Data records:
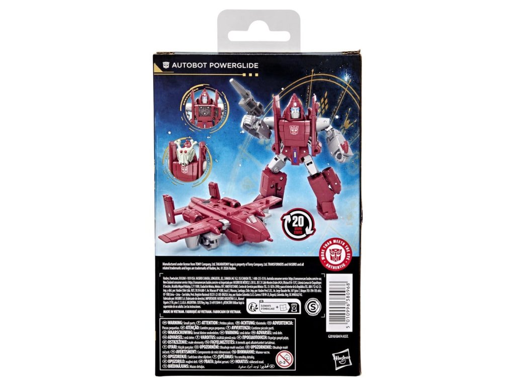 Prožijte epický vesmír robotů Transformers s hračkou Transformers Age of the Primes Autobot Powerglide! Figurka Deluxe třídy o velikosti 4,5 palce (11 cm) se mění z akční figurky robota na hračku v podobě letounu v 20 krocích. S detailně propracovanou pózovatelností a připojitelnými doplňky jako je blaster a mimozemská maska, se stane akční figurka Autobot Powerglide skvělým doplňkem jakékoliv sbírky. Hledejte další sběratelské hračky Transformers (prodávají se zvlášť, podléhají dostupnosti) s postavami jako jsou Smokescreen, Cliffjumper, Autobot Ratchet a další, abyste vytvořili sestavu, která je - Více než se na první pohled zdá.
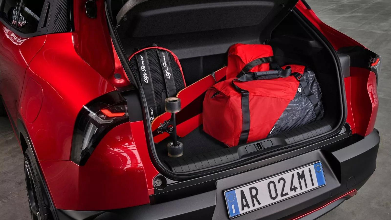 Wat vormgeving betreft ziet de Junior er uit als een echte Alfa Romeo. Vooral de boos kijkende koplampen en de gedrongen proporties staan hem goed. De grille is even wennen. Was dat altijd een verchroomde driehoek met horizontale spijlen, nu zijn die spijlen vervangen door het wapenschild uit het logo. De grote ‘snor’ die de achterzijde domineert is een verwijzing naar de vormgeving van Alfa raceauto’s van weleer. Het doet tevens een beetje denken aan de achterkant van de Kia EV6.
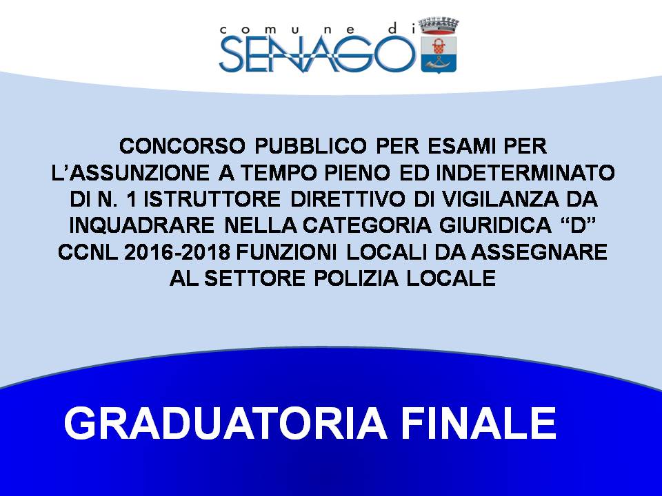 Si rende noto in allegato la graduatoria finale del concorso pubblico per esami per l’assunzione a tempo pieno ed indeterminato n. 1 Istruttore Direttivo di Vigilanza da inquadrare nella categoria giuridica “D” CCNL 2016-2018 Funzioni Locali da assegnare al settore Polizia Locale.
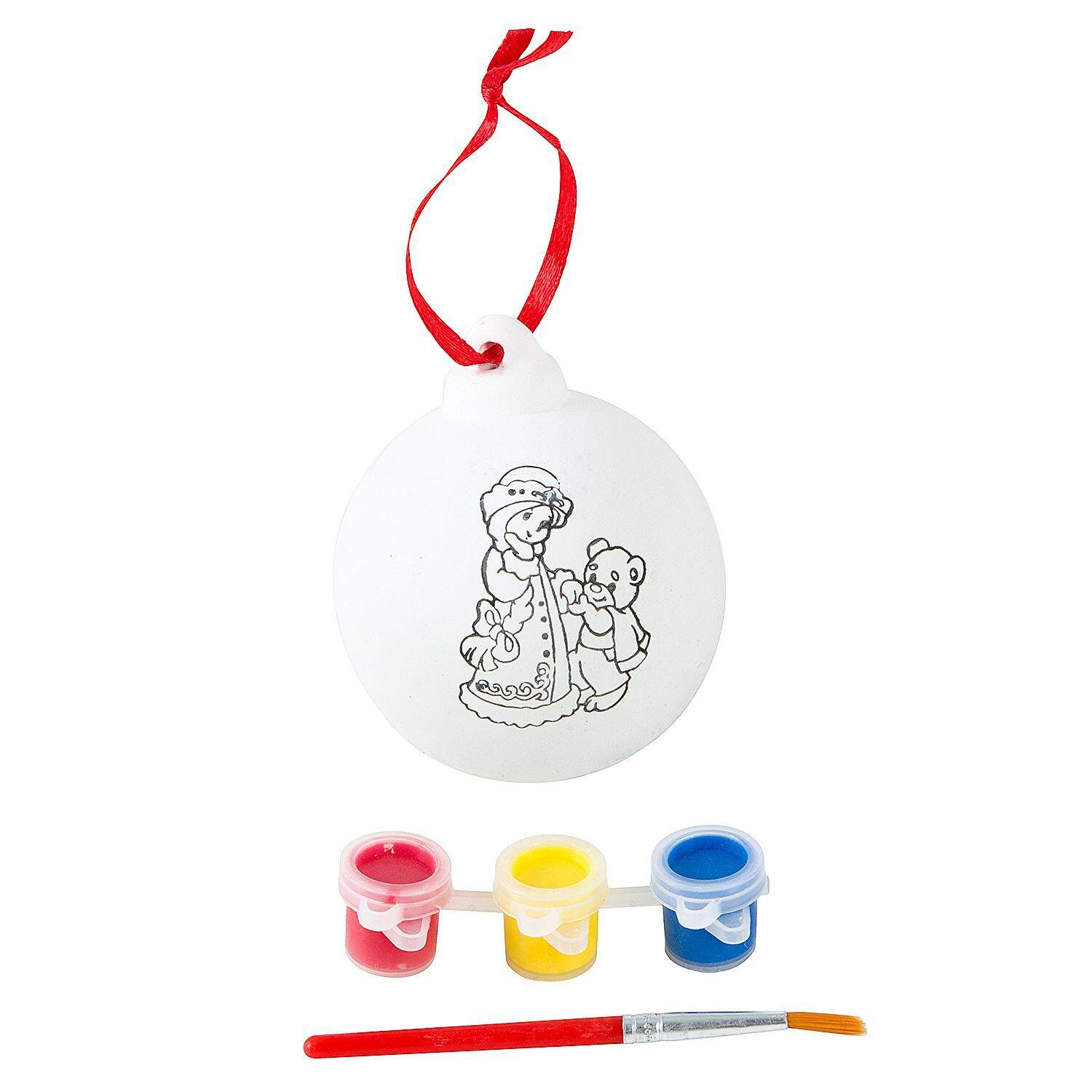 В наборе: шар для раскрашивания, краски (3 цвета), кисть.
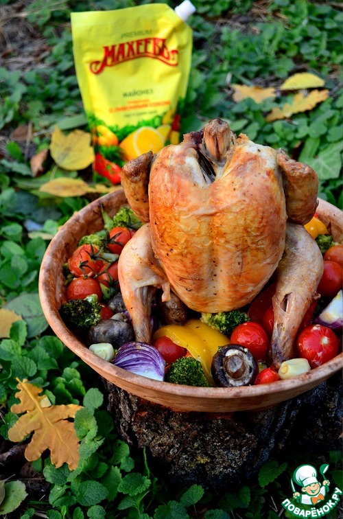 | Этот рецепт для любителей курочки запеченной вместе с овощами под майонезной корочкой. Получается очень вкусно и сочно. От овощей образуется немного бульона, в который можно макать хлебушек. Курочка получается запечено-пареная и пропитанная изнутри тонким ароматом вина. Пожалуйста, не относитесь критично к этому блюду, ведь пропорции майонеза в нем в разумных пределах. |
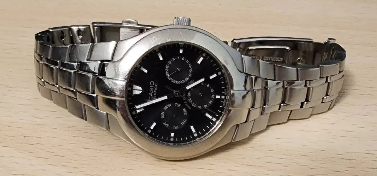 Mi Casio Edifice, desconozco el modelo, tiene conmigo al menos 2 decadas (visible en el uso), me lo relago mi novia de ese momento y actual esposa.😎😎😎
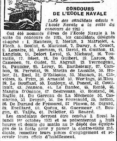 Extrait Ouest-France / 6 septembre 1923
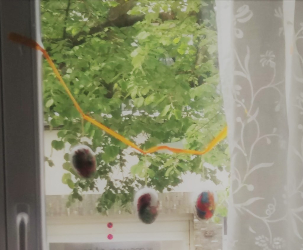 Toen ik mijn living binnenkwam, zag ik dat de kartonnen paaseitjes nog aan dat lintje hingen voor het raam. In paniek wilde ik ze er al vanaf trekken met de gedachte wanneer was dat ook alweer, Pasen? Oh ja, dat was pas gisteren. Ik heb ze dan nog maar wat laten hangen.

◆ TASK BRIEF
A verbatim copy of every record above is required, with all pictures omitted.

◆ ANSWER BOX
 Prožijte epický vesmír robotů Transformers s hračkou Transformers Age of the Primes Autobot Powerglide! Figurka Deluxe třídy o velikosti 4,5 palce (11 cm) se mění z akční figurky robota na hračku v podobě letounu v 20 krocích. S detailně propracovanou pózovatelností a připojitelnými doplňky jako je blaster a mimozemská maska, se stane akční figurka Autobot Powerglide skvělým doplňkem jakékoliv sbírky. Hledejte další sběratelské hračky Transformers (prodávají se zvlášť, podléhají dostupnosti) s postavami jako jsou Smokescreen, Cliffjumper, Autobot Ratchet a další, abyste vytvořili sestavu, která je - Více než se na první pohled zdá.
 Wat vormgeving betreft ziet de Junior er uit als een echte Alfa Romeo. Vooral de boos kijkende koplampen en de gedrongen proporties staan hem goed. De grille is even wennen. Was dat altijd een verchroomde driehoek met horizontale spijlen, nu zijn die spijlen vervangen door het wapenschild uit het logo. De grote ‘snor’ die de achterzijde domineert is een verwijzing naar de vormgeving van Alfa raceauto’s van weleer. Het doet tevens een beetje denken aan de achterkant van de Kia EV6.
 Si rende noto in allegato la graduatoria finale del concorso pubblico per esami per l’assunzione a tempo pieno ed indeterminato n. 1 Istruttore Direttivo di Vigilanza da inquadrare nella categoria giuridica “D” CCNL 2016-2018 Funzioni Locali da assegnare al settore Polizia Locale.
 В наборе: шар для раскрашивания, краски (3 цвета), кисть.
 | Этот рецепт для любителей курочки запеченной вместе с овощами под майонезной корочкой. Получается очень вкусно и сочно. От овощей образуется немного бульона, в который можно макать хлебушек. Курочка получается запечено-пареная и пропитанная изнутри тонким ароматом вина. Пожалуйста, не относитесь критично к этому блюду, ведь пропорции майонеза в нем в разумных пределах. |
 Mi Casio Edifice, desconozco el modelo, tiene conmigo al menos 2 decadas (visible en el uso), me lo relago mi novia de ese momento y actual esposa.😎😎😎
 Extrait Ouest-France / 6 septembre 1923
 Toen ik mijn living binnenkwam, zag ik dat de kartonnen paaseitjes nog aan dat lintje hingen voor het raam. In paniek wilde ik ze er al vanaf trekken met de gedachte wanneer was dat ook alweer, Pasen? Oh ja, dat was pas gisteren. Ik heb ze dan nog maar wat laten hangen.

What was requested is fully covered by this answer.